Review for NeurIPS paper: NVAE: A Deep Hierarchical Variational Autoencoder

NeurIPS 2020

NVAE: A Deep Hierarchical Variational Autoencoder

Review 1

Summary and Contributions: This paper improved the quality of VAE through carefully designed network architectures along with a bag of tricks. They achieved high-quality generation of 256x256 facial images without adversarial learning. The design and training details may inspire the community in various tasks of image synthesis. ========= After rebuttal =========== I keep my score considering the authors' response and other reviews.

Strengths: 1) The proposed method achieved generating high-resolution realistic images without adversarial training. As far as I know, this is the first time for VAE to synthesize 256x256 images by merely focusing on carefully designing neural architectures. 2) The authors provide a large number of practical solutions to design and train deep encoder and decoders. It may help us understanding how to improve the performance of neural networks through carefully designing.

Weaknesses: 1) Since this work aims to improve the performance of VAE, it is suggested to provide visual results of image reconstruction. It is noted that the neural architecture and posterior distribution have been changed dramatically compared to most VAEs. I wonder the reconstruction quality of the input images, and how it would change when sampling randomly from the posterior distribution. 2) Though this work focused on VAE, I think it is better to include GAN-based works in the background or related works when referring to generative models. Some recent SOTA GANs and hybrid methods with VAE, such as VAE/GAN[1], IntroVAE[2] and StyleALAE[3], are suggested to discussed briefly. [1] Autoencoding beyond pixels using a learned similarity metric. In ICML, 2016. [2] IntroVAE: Introspective Variational Autoencoders for Photographic Image Synthesis. In NeurIPS, 2018. [3] Adversarial Latent Autoencoders. In CVPR, 2020. 3) One of the major differences of NVAE compared to other VAEs is the design of the latent code. The latent dimension is increased significantly and modeled as dependent distributions via autoregressive techniques. It is suggested to analyze deeply the influence of such design. As well known, the original VAE is able to learn somewhat disentangling representations, which is helpful to improve the interpretability and controllability of image synthesis. I think it may further improve the quality of this work by discussing the effect of the non-dimension-reduction and non-disentangling design theoretically or empirically. 4) I wonder whether NVAE works well on non-face images of high-resolution. Most SOTA GANs are able to produce high-resolution natural images on ImageNet database (conditioned on class labels or successful on some specific classes). Therefore, it is worth investigating the possibility of generating high-fidelity results of natural images.

Correctness: Yes.

Clarity: Yes.

Relation to Prior Work: Yes.

Reproducibility: Yes

Additional Feedback:

Review 2

Summary and Contributions: The paper proposes a bidirectional hierarchical VAE architecture, that couples the prior and the posterior via a residual parametrization and a combination of training tricks, and achieves sota results among non-autoregressive, latent variable models on natural images. The final, however, predictive likelihood achieved is almost identical (2.91 vs 2.92) compared to that of a pixel-autoregressive purely generative model. According to my understanding, the "autoregression" is achieved in the latent space as opposed to the pixel space. The dimension of the latent variables needed for the reconstruction is quite large (larger than the input space), hence compromising the compression capability of the model.

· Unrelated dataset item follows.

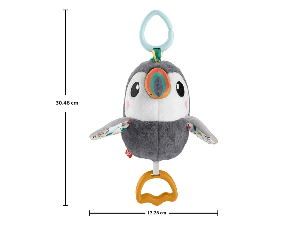 Armas Fisher‑Pricei tukan on pehme riputatav mänguasi vankrile, turvahällile ja võrevoodile. See pakub õrna kõrinat, krabisevaid tiivakesi, värvilist nokka ja närimisrõngaid, mis leevendavad igemete sügelust hammaste tulekul. Universaalse klambriga on mänguasi alati käepärast ning toetab beebi meelte arengut ja peenmotoorikat alates sünnist.

Strengths: The paper provides exhaustive experimental analysis and ablation studies for every architectural and training choices. The choices are empirically validated. The most important, according to my opinion, contribution is the introduction of the residual distributions for effectively parametrizing the posterior through some residual, data-dependent, mean and variance terms of the prior. Finally, the quality of the generated images is quite impressive.

Weaknesses: Some points in the proposed architecture are still vague to me. For example, 1) is the data layer conditioned on the z-s of all the layers or only on the last one? according to equation (1)? 2) how are the \sigma-s parametrized? do the authors follow the same parametrization as in the IAF paper? is the \sigma bounded in [0,1]? 3) could the authors please provide the learning curves to demonstrate training stability? moreover, it would be very helpful if the KL per layer was also reported to demonstrate that there is no posterior collapse. 4) in the results reported in Table 1, it is not clear whether the authors train an importance weighted vae or not, for fair comparison with the rest of the models. moreover?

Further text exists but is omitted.